Multi-Agent Attack Chain Analysis

3 min read

In multi-agent systems, attacks often traverse multiple agents before achieving their objective. An injection enters through a customer-facing agent, pivots to a backend agent through inter-agent communication, and exfiltrates through a third agent's email capability. Analyzing this chain requires correlating events across agent boundaries to construct a unified timeline that reveals how the attack propagated.

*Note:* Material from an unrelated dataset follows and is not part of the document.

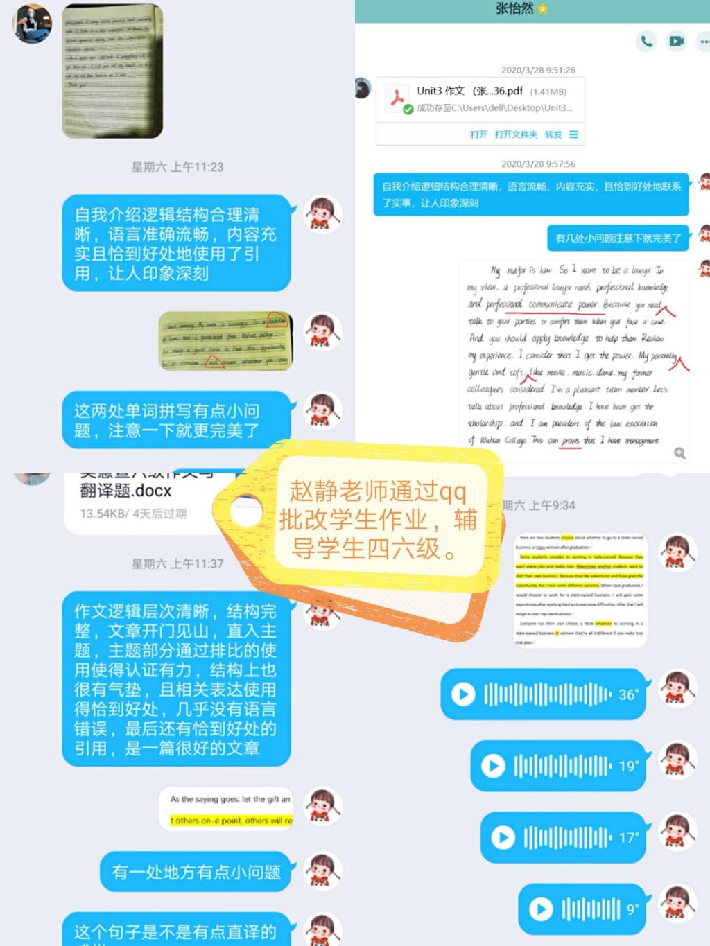 赵静老师课余指导学生英语四六级备考并一一反馈

  1. Unified Timeline Construction Merge timestamped events from all involved agents and supporting systems into a single chronological view. The timeline reveals the attack sequence: entry at T+0, pivot at T+12 seconds, exfiltration at T+45 seconds. Without the unified timeline, each agent's events look isolated and the connection between them is invisible.
  2. Pivot Point Identification Identify where the attack crossed from one agent to another. What data did Agent A pass to Agent B? Did Agent A's output contain injected instructions that Agent B processed as legitimate input? The pivot point is where the architectural isolation between agents failed — and where the remediation must focus. [RISK]: Inter-agent communication channels that do not validate input are injection propagation paths.
  3. Blast Radius Determination Map every system, data store, and output channel that the attack touched through any agent in the chain. The blast radius is the total impact — not just what the initial agent accessed, but everything downstream that was reached through the chain. Understanding the full blast radius determines notification scope and remediation breadth.